1. Size matters.
Obviously any woman desiring a breast augmentation wants to be fuller and larger and this can be readily accomplished with a large variety of implant sizes and/or types. Women who have had previous pregnancies often have some breast skin laxity. In order to get an optimal result, it may be advantageous to choose an implant large enough to fill out the breast and restore the projection and “perkiness” of the breast. This will also fill out clothing and add to the feminine figure. Nevertheless, the initial enthusiasm for choosing a large implant should be weighed against the potential long term disadvantages of supporting the weight of these implants. Large heavy implants can over time lead to stretch of the skin and excessive dropping of the implant. It is difficult to predict exactly what size will lead to this situation and the recommendation of the surgeon should be carefully considered.
2. Incision doesn’t matter.
The three most common locations for the incision are in the skin crease at the bottom of the breast, around the edge of the nipple and in the armpit. An excellent cosmetic result can be achieved with any of these incisions. The recovery, scarring and risks are all essentially the same. Some surgeons (including myself) may have a personal preference but the final result should be independent of which incision is used.
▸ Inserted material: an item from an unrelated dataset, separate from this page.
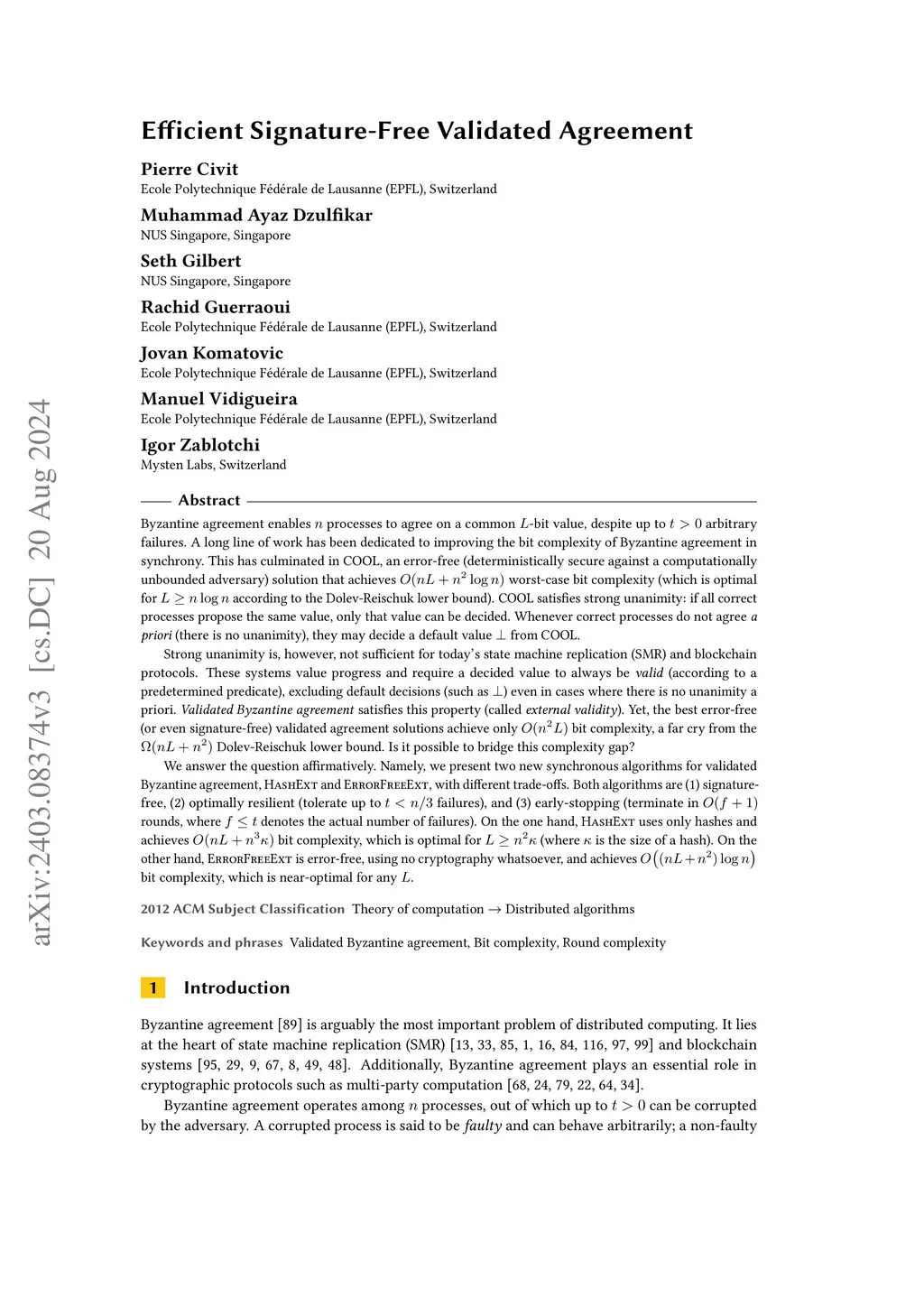 Byzantine agreement enables n processes to agree on a common L-bit value, despite up to t > 0 arbitrary failures. A long line of work has been dedicated to improving the bit complexity of Byzantine agreement in synchrony. This has culminated in COOL, an error-free (deterministically secure against a computationally unbounded adversary) solution that achieves O(nL + n^2 logn) worst-case bit complexity (which is optimal for L > n logn according to the Dolev-Reischuk lower bound). COOL satisfies strong validity: if all correct processes propose the same value, only that value can be decided. Strong validity is, however, not appropriate for today's state machine replication (SMR) and blockchain protocols. These systems value progress and require a decided value to always be valid, excluding default decisions (such as EMPTY) even in cases where there is no unanimity a priori. Validated Byzantine agreement satisfies this property (called external validity). Yet, the best error-free (or even signature-free) validated agreement solutions achieve only O(n^2L) bit complexity, a far cry from the Omega(nL + n^2) Dolev-Reishcuk lower bound. In this paper, we present two new synchronous algorithms for validated Byzantine agreement, HashExt and ErrorFreeExt, with different trade-offs. Both algorithms are (1) signature-free, (2) optimally resilient (tolerate up to t < n / 3 failures), and (3) early-stopping (terminate in O(f+1) rounds, where f <= t is the actual number of failures). On the one hand, HashExt uses only hashes and achieves O(nL + n^3 kappa) bit complexity, which is optimal for L > n^2 kappa (where kappa is the size of a hash). On the other hand, ErrorFreeExt is error-free, using no cryptography whatsoever, and achieves O( (nL + n^2) logn ) bit complexity, which is near-optimal for any L.

3. Implants are different.
Breast implants are filled with either saline (a salt water solution such as IV fluid) or silicone. Both are good implants and excellent results can be achieved with either type of implant. Nevertheless, there are some differences. The silicone implants feel softer and more realistic. Further, after augmentation the tissues of the breast tend to drape over the silicone implants a in a more natural fashion and give a prettier appearance. After years of study, the FDA has determined that there are no health hazards associated with silicone filled implants as compared to saline filled breast implants. They are available to any woman 22 years old or older.
4. Placement can be either above or below the chest wall muscle.
The pectoralis major muscle can be used to add additional padding or coverage over the implant during breast augmentation. This is especially advantageous when using saline filled implants, which have a tendency to ripple. The rippling can cause the appearance of waves on the surface of the breast especially in the upper portion and especially if there is relatively little breast tissue covering the implant. Placing the implant under the muscle minimizes this risk.
5. Surgeon choice matters.
Surgeons certified by the American Board of Plastic Surgery (ABPS) have undergone extensive training and testing under the guidelines of the ABPS specifically related to plastic surgery including cosmetic surgery. Plastic surgeons who are members of the American Society for Aesthetic Plastic Surgery (ASAPS) have also demonstrated particular interest in cosmetic surgery and are required to maintain levels of continuing education. In addition to credentials, you must feel comfortable with your choice of surgeon and also realize that this is your operation. Your surgeon should give you information and advice about the procedure, but in the end the decision should be yours. You should be able to choose your own implant size, style, location of incision and so forth.